*The task:*
A verbatim transcription of the listing below is required, without its pictures.

*The data:*

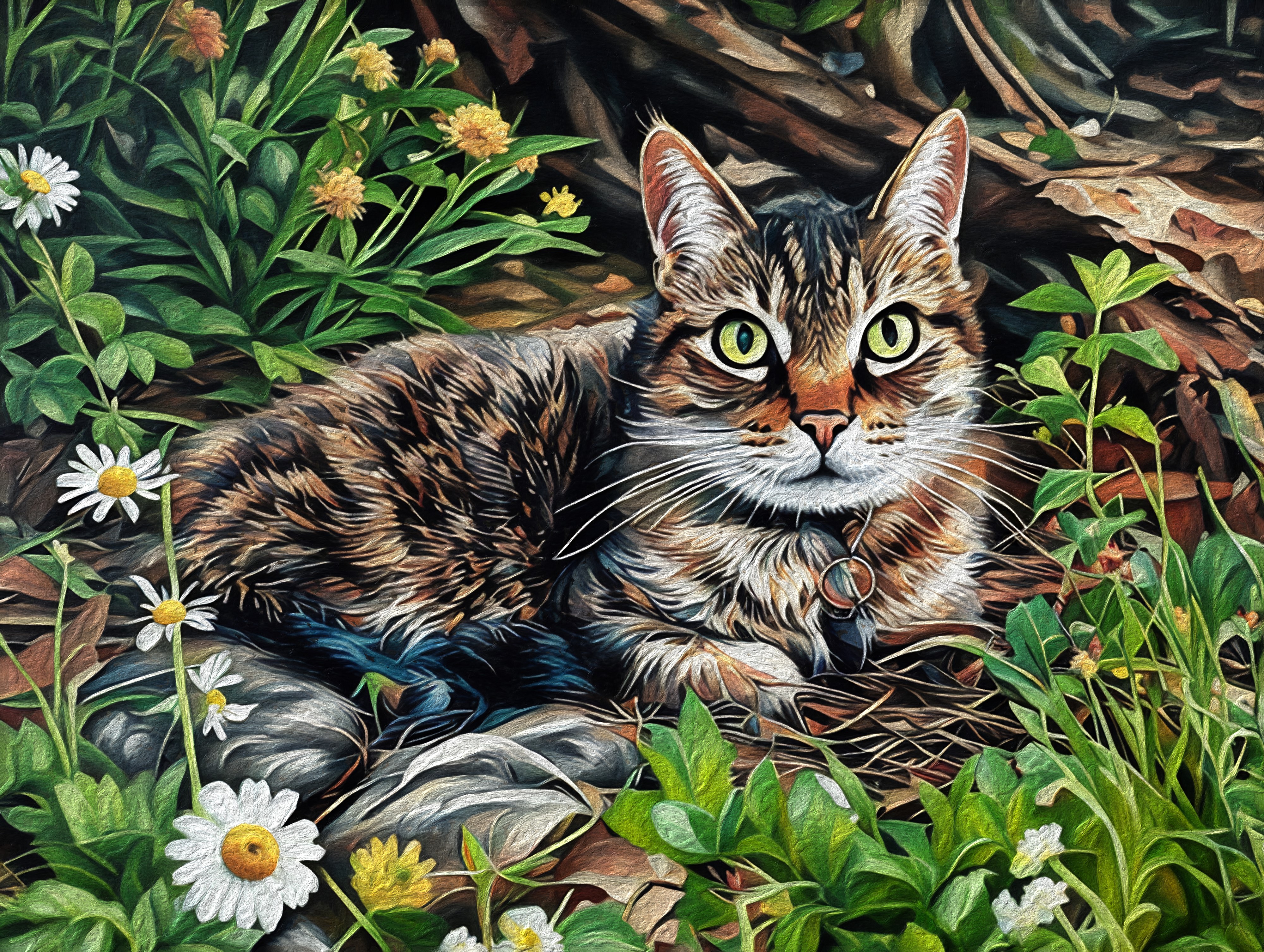 Put my cat in a pretty nature scene and turn it into a vintage painting to create a gallery like the example.
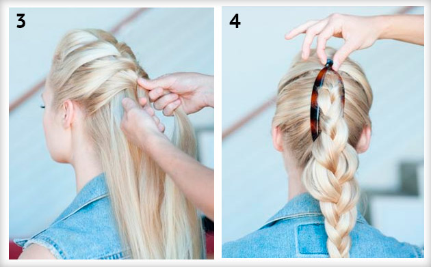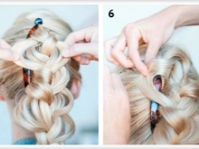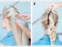 Another attractive option is called the "French Spit". This is a very elegant solution for dating and romantic dates. Making it is also very simple, the first stage is to braid a regular, classic braid. At the very top of the braid attach a hairpin, so that it, like a crab, secured the hair on both sides.
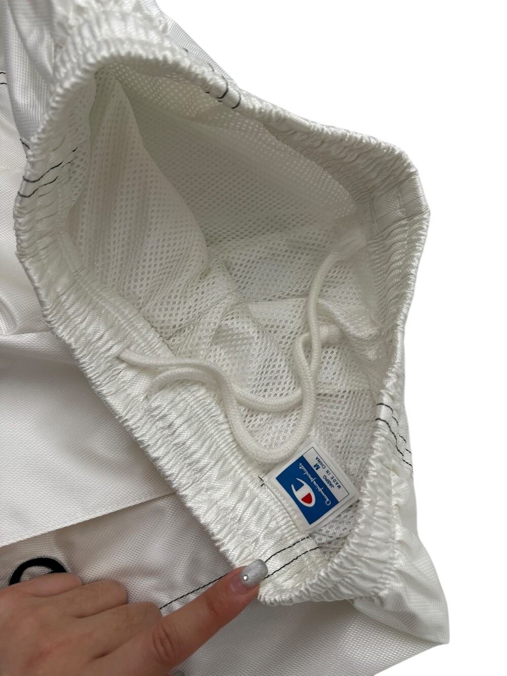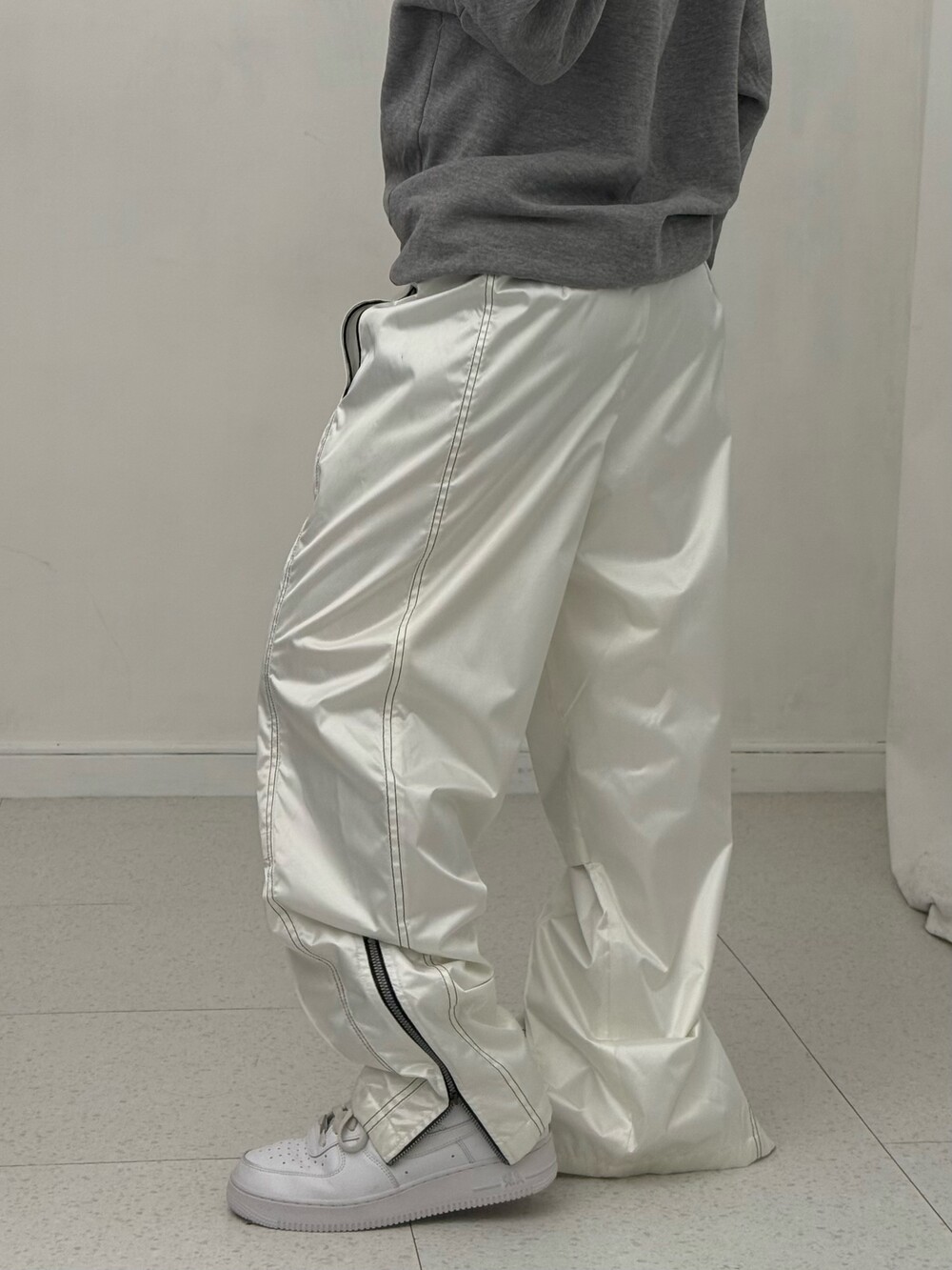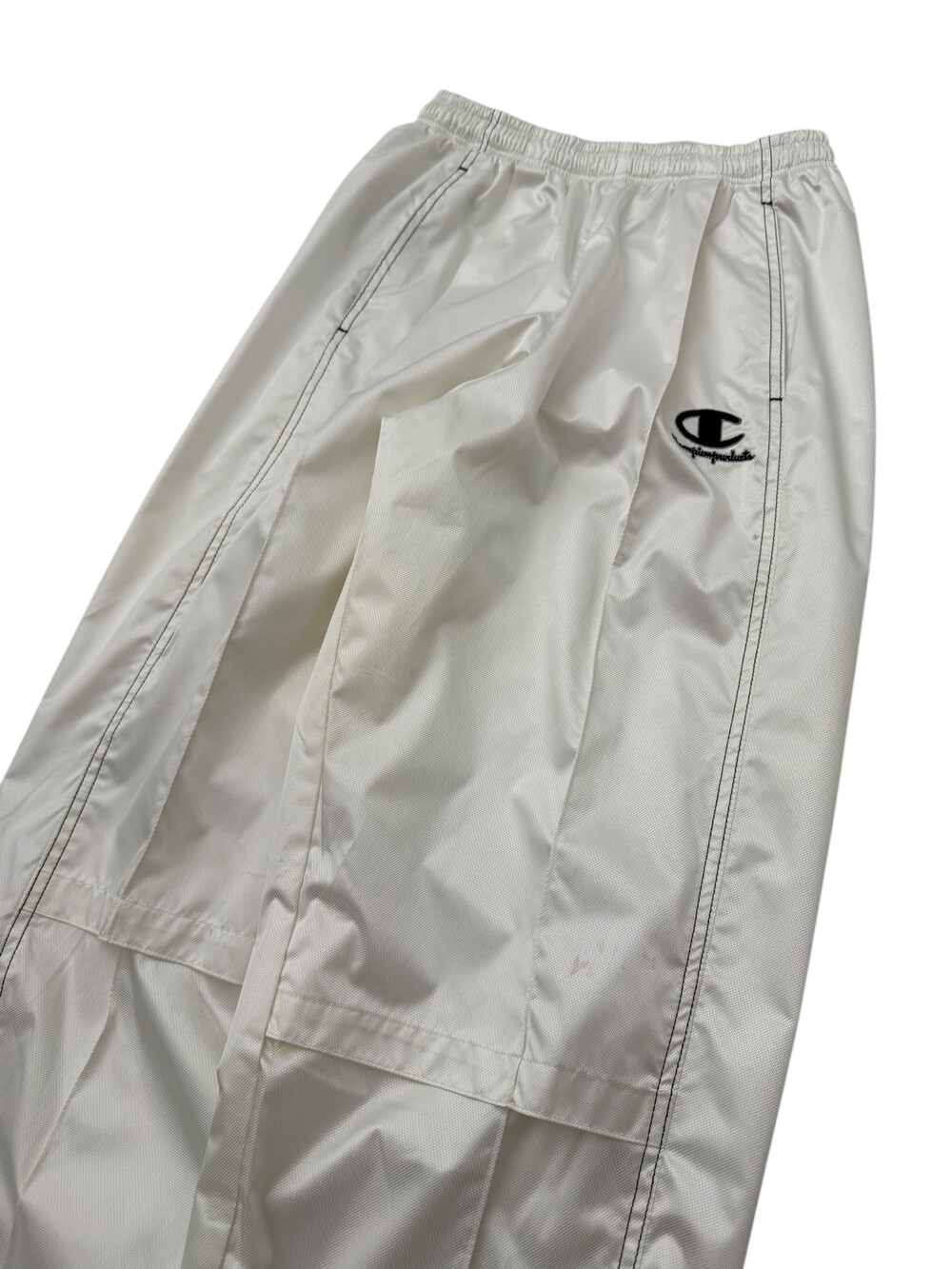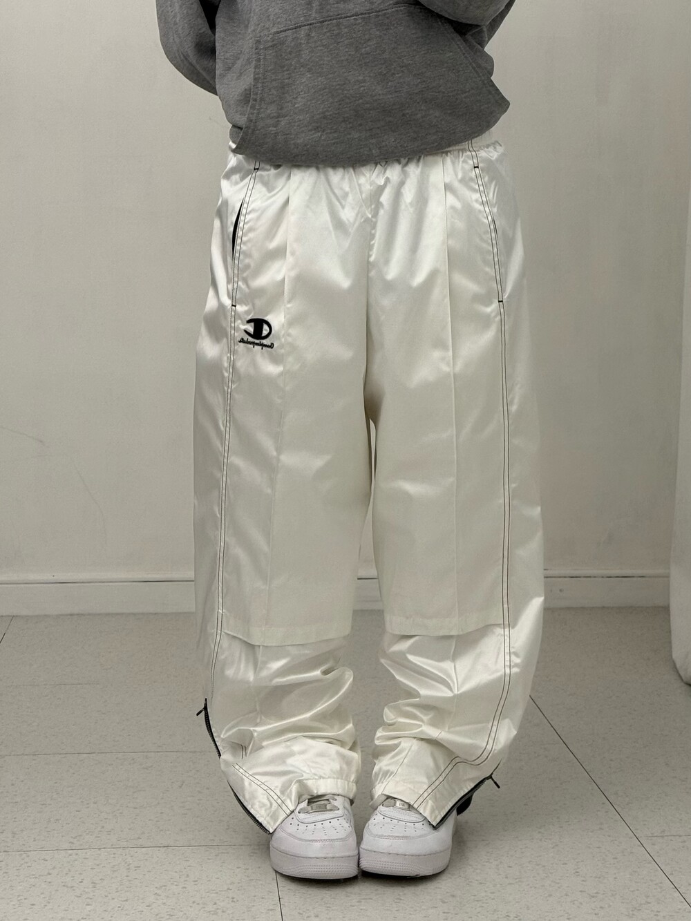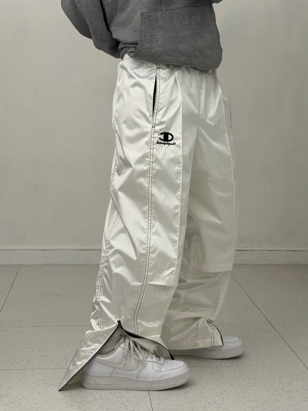•챔피온 화이트 트랙팬츠 입니다. 살짝 광택감이 느껴지는 원단이라 더 멋있어요!

*Answer to this task:*
 Put my cat in a pretty nature scene and turn it into a vintage painting to create a gallery like the example.
 Another attractive option is called the "French Spit". This is a very elegant solution for dating and romantic dates. Making it is also very simple, the first stage is to braid a regular, classic braid. At the very top of the braid attach a hairpin, so that it, like a crab, secured the hair on both sides.
•챔피온 화이트 트랙팬츠 입니다. 살짝 광택감이 느껴지는 원단이라 더 멋있어요!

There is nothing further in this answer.